BRIEF:
Please reproduce the listing in its entirety, exactly as written, but without images.

AVAILABLE DATA:

........

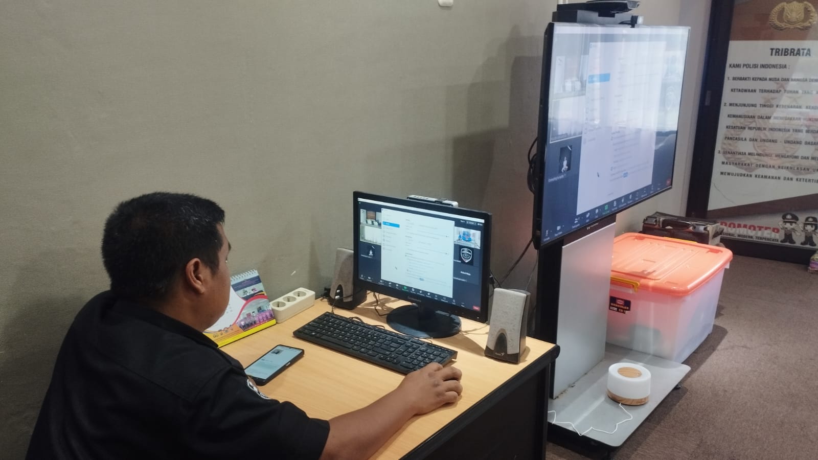 Anggota Tik Polres Cilegon Menyiapkan Sarana dan Prasarana Untuk Kegiatan Zoom meeting Dalam pelaksanaan kegiatan zoom meeting tersebut anggota TIK Polres Cilegon yang bertanggung jawab untuk menyiapkan peralatan zoom. Selain itu agar di tidak ada gangguan jaringan sebelum pelaksanaan anggota TIK melakukan pemeriksaan terhadap sarana dan prasarana tersebut . Satu jam sebelum kegiatan zoom meeting itu dimulai. Kapolres Cilegon AKBP. DR. MARTUA RAJA TARIPAR LAUT SILITONGA. melalui Kasi TIK IPTU Lukman menyampaikan bahwa “untuk menunjang kelancaran penyampaian informasi anggota TIk Polres Cilegon selalu memeriksa sarana dan prasarana tersebut, sebelum maupun pada saat pelaksanaan akan selalu di monitor”
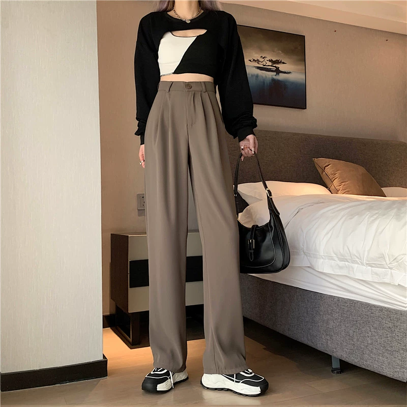 | nameOriginal | High-waisted wide-legged plus size casual straight suit pants for fat women |
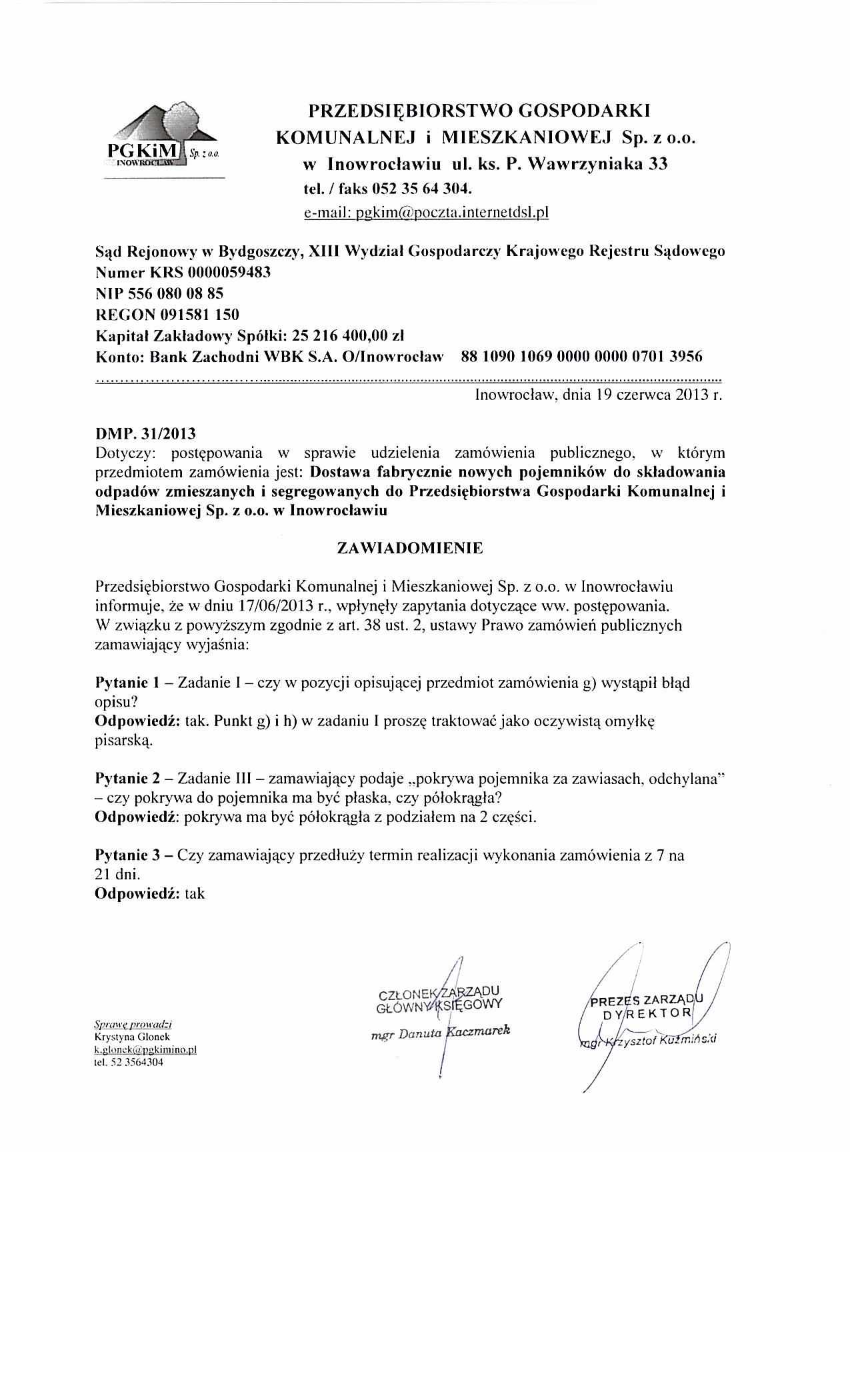 graf. | 244 KB | POBIERZ | Odpowiedzi na zapytania i zmiana terminu dostawy | 2013-06-19 12:45:28 | 483 |

........

COMPLETED EXERCISE:
 Anggota Tik Polres Cilegon Menyiapkan Sarana dan Prasarana Untuk Kegiatan Zoom meeting Dalam pelaksanaan kegiatan zoom meeting tersebut anggota TIK Polres Cilegon yang bertanggung jawab untuk menyiapkan peralatan zoom. Selain itu agar di tidak ada gangguan jaringan sebelum pelaksanaan anggota TIK melakukan pemeriksaan terhadap sarana dan prasarana tersebut . Satu jam sebelum kegiatan zoom meeting itu dimulai. Kapolres Cilegon AKBP. DR. MARTUA RAJA TARIPAR LAUT SILITONGA. melalui Kasi TIK IPTU Lukman menyampaikan bahwa “untuk menunjang kelancaran penyampaian informasi anggota TIk Polres Cilegon selalu memeriksa sarana dan prasarana tersebut, sebelum maupun pada saat pelaksanaan akan selalu di monitor”
 | nameOriginal | High-waisted wide-legged plus size casual straight suit pants for fat women |
 graf. | 244 KB | POBIERZ | Odpowiedzi na zapytania i zmiana terminu dostawy | 2013-06-19 12:45:28 | 483 |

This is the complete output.